_Exercise brief_. Carry none of the pictures over; write out the complete data exactly.

Start of Source data

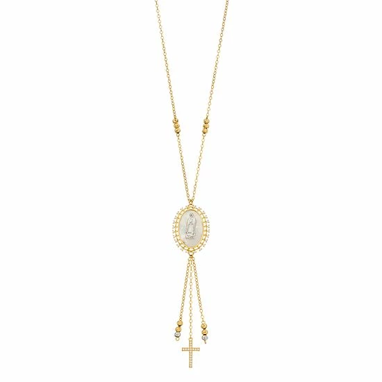 Divine style abounds with this mother-of-pearl Virgin Mary and cross pendant necklace.
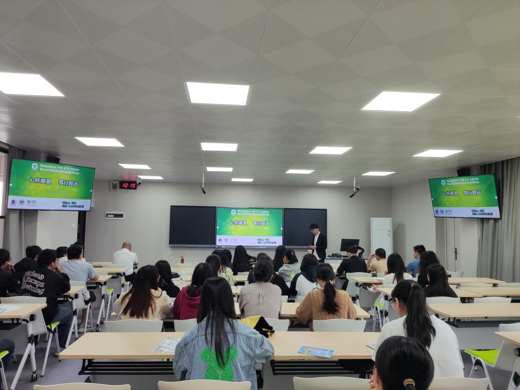 活动中,我校2020届生物工程专业毕业生正大集团hr韦璟回到母校,与团员青年交流分享创业经验。他提到大家一要认清所处环境,明确自我要求。要积极分析自己作为零零后的优势,结合自身经历思考中如何在机遇与挑战中发挥能力;二要不给自己“贴标签”,也不限制自身发展的“可能性”。鼓励大家在校期间勇于尝试新鲜事物,学习、发掘自身更广阔的发展空间,提高自我“可塑性”;三要具有“空杯心态”,吸取“月盈则亏”的教训。同学们的冲劲和力气用在做事的专注度中会逐渐成事,不用“太满”,留给自身空间去吸收、总结才能不断进步;四要给自己的事业一个“静待花开”的过程。以一个“慢视角”,阶段性成长起来会更稳固。最后他希望师弟师妹们能够找到平台,更好地释放自己的能量,做一个优秀、合格的社会人。
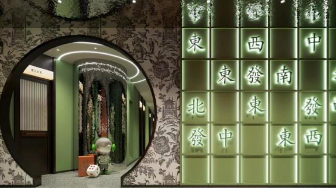 红、黄、绿,这些经典的中国色在国潮风的店铺中常常被大面积的使用,同时也会出现红黄、红绿这些经典的CP撞色。此外,空间中也会看到诸如诗句霓虹字、麻将灯箱等新旧融合的元素,通过这样的混搭在潮流中凸显自己的文化态度。
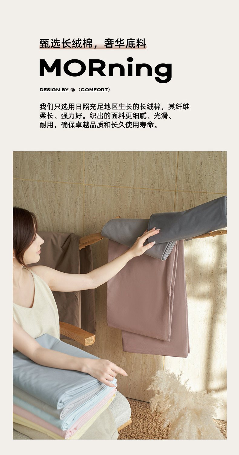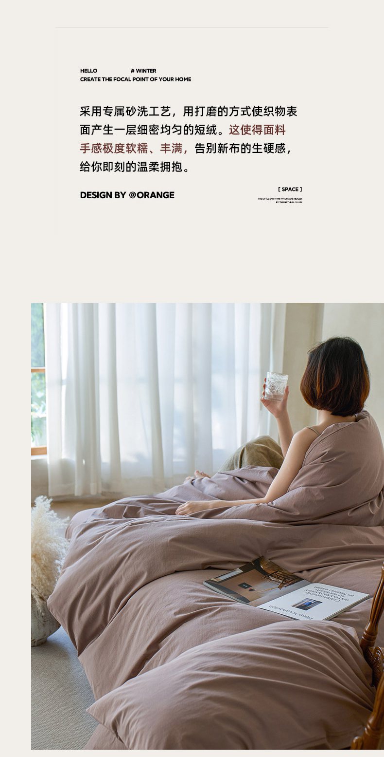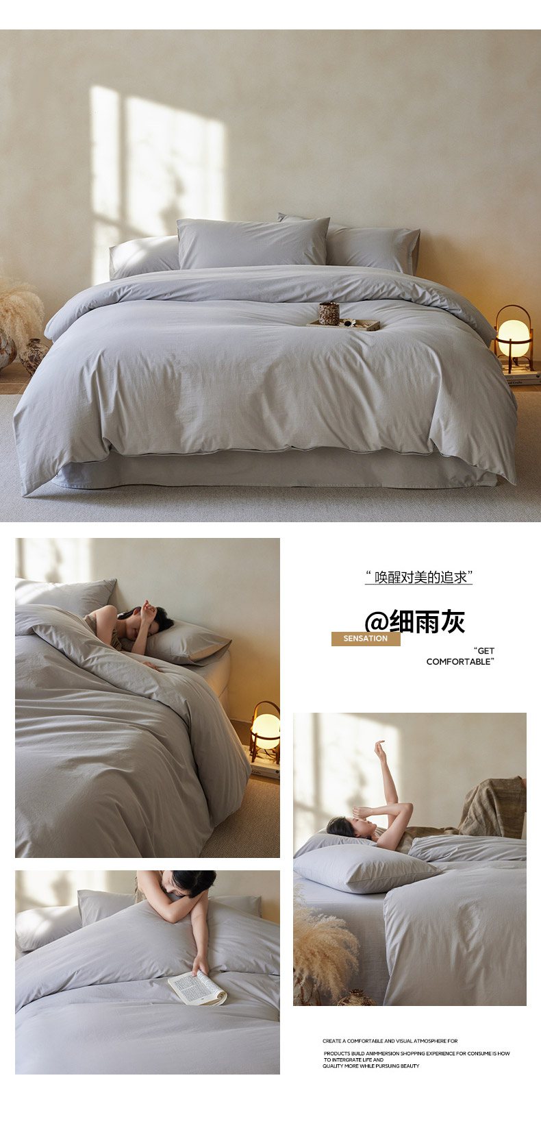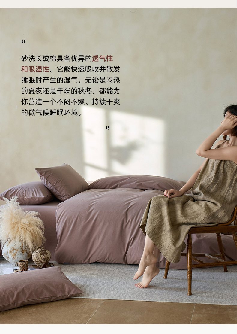 (总)轩和家居 2025新款全棉高支旧感砂洗长绒棉四件套,薄樱粉,淡黄色,暮烟灰,墨染灰,落栗棕,霁兰色,豆沙色,浅云白,青绿色,秋麦色,松石绿,天空蓝,雾海蓝,细雨灰

End of Source data

_Result of the task_.
 Divine style abounds with this mother-of-pearl Virgin Mary and cross pendant necklace.
 活动中,我校2020届生物工程专业毕业生正大集团hr韦璟回到母校,与团员青年交流分享创业经验。他提到大家一要认清所处环境,明确自我要求。要积极分析自己作为零零后的优势,结合自身经历思考中如何在机遇与挑战中发挥能力;二要不给自己“贴标签”,也不限制自身发展的“可能性”。鼓励大家在校期间勇于尝试新鲜事物,学习、发掘自身更广阔的发展空间,提高自我“可塑性”;三要具有“空杯心态”,吸取“月盈则亏”的教训。同学们的冲劲和力气用在做事的专注度中会逐渐成事,不用“太满”,留给自身空间去吸收、总结才能不断进步;四要给自己的事业一个“静待花开”的过程。以一个“慢视角”,阶段性成长起来会更稳固。最后他希望师弟师妹们能够找到平台,更好地释放自己的能量,做一个优秀、合格的社会人。
 红、黄、绿,这些经典的中国色在国潮风的店铺中常常被大面积的使用,同时也会出现红黄、红绿这些经典的CP撞色。此外,空间中也会看到诸如诗句霓虹字、麻将灯箱等新旧融合的元素,通过这样的混搭在潮流中凸显自己的文化态度。
 (总)轩和家居 2025新款全棉高支旧感砂洗长绒棉四件套,薄樱粉,淡黄色,暮烟灰,墨染灰,落栗棕,霁兰色,豆沙色,浅云白,青绿色,秋麦色,松石绿,天空蓝,雾海蓝,细雨灰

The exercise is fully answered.